If that’s the case, then these people weren’t really fans, to begin with. They were a group of people who wanted a franchise or brand to belong to them.

This is ludicrous thinking. The fans of the film are fans because the franchise, product, or what have you is the way that it was. If it didn’t appeal to certain people because it didn’t have enough women, LGBT representation, or whatever it is SJWs get mad about, then they weren’t fans. In fact, it sounds like they were opposed to the franchise, and would remain so until changes were made that fit their politics better.

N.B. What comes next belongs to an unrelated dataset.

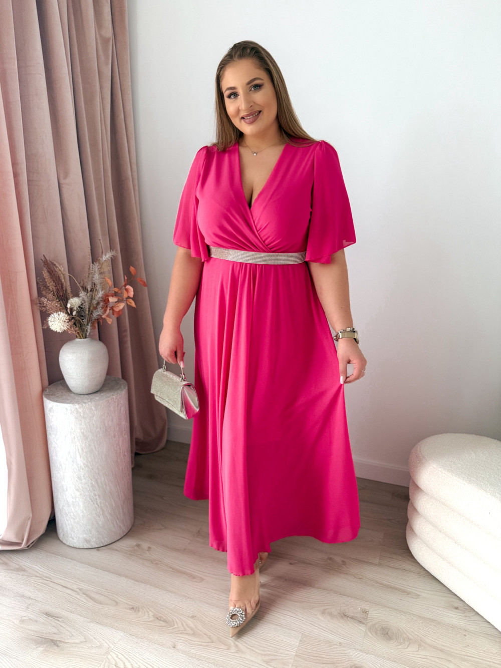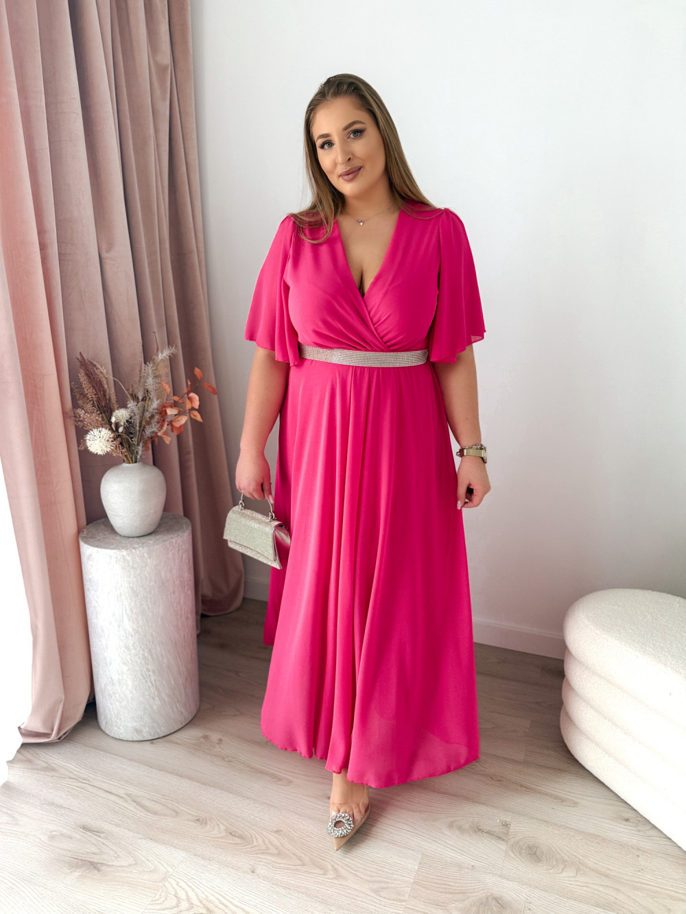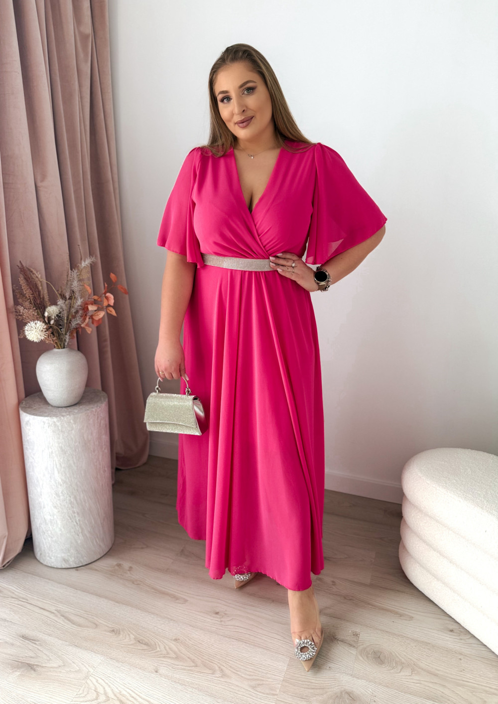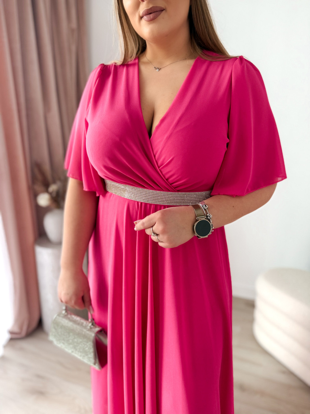 Sukienka maxi z ozdobnym paskiem Marisol - fuksja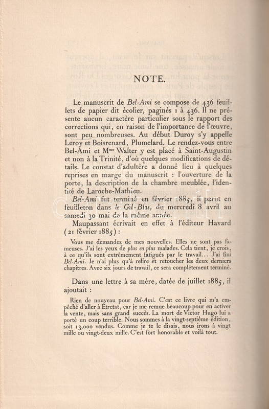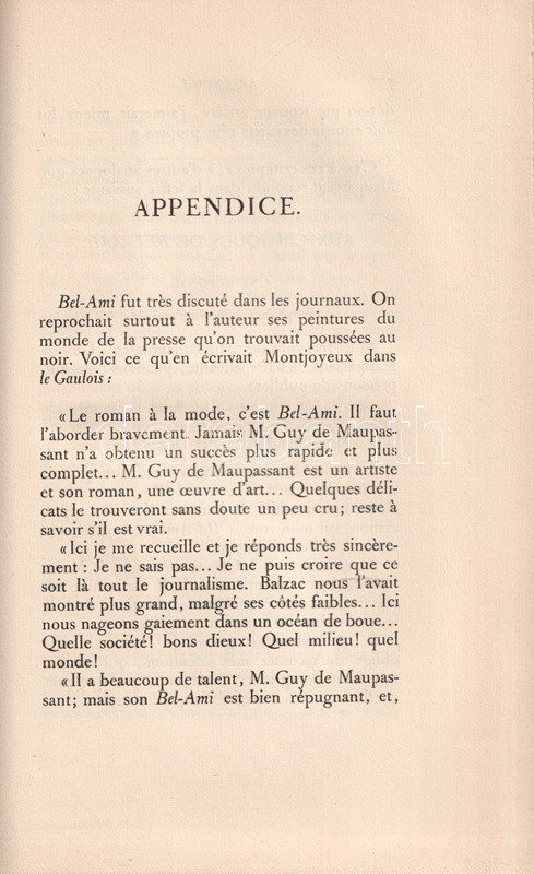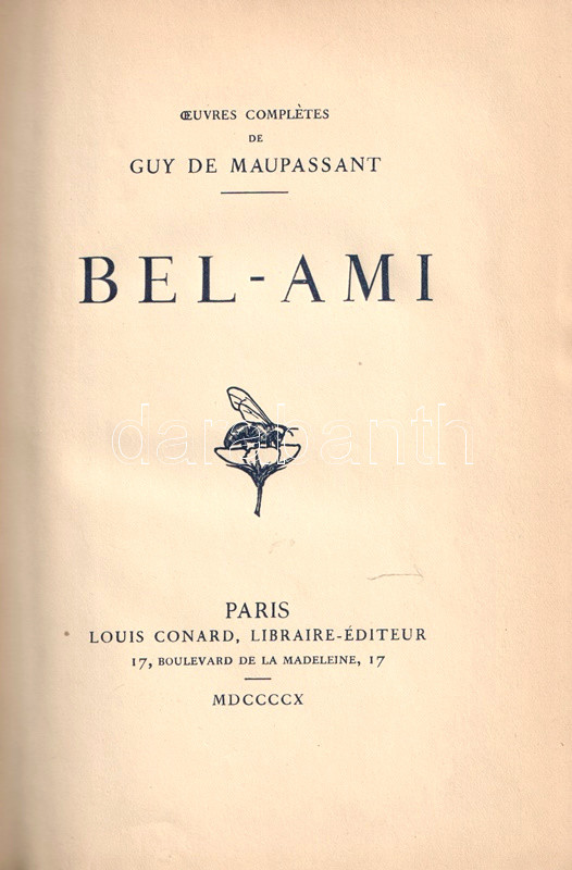 Guy de Maupassant (1850-1893) francia író, a modern novella megteremtője, a párizsi városi és a normandiai falusi, kisvárosi társadalom éles szemű megfigyelője. Egy évtizedet kitevő irodalmi karrierje során, 1881-1890 közötttöbb száz novellát és hat regényt írt. "Bel-Ami" (A szépfiú) című műve a szerző második regény terjedelmű szövege. Kiadásunkból 100 számozott példány is készült, bibliofil kötésű példányunk számozatlan.

You can see that in The Mandalorian was initially treated.

If you want to fundamentally change something, then you’re not a fan of that thing. You should go find something that is more your speed and style and leave the people who love the thing for what it is alone. If they don’t want your all-female reboot, it’s not because of the all-female cast, it’s because you made it about the politics of feminism. You ditched story, character development, and more in order to shoehorn in concepts and messages no one came there to see.

If you think a hostile takeover of a franchise is necessary to reinforce your politics, then don’t count yourself among the fans who love something the way it is. You’re the outsider trying to introduce toxicity into the environment in order to scratch an itch no one else has.

You’re the toxic non-fan, and you need to back the hell off.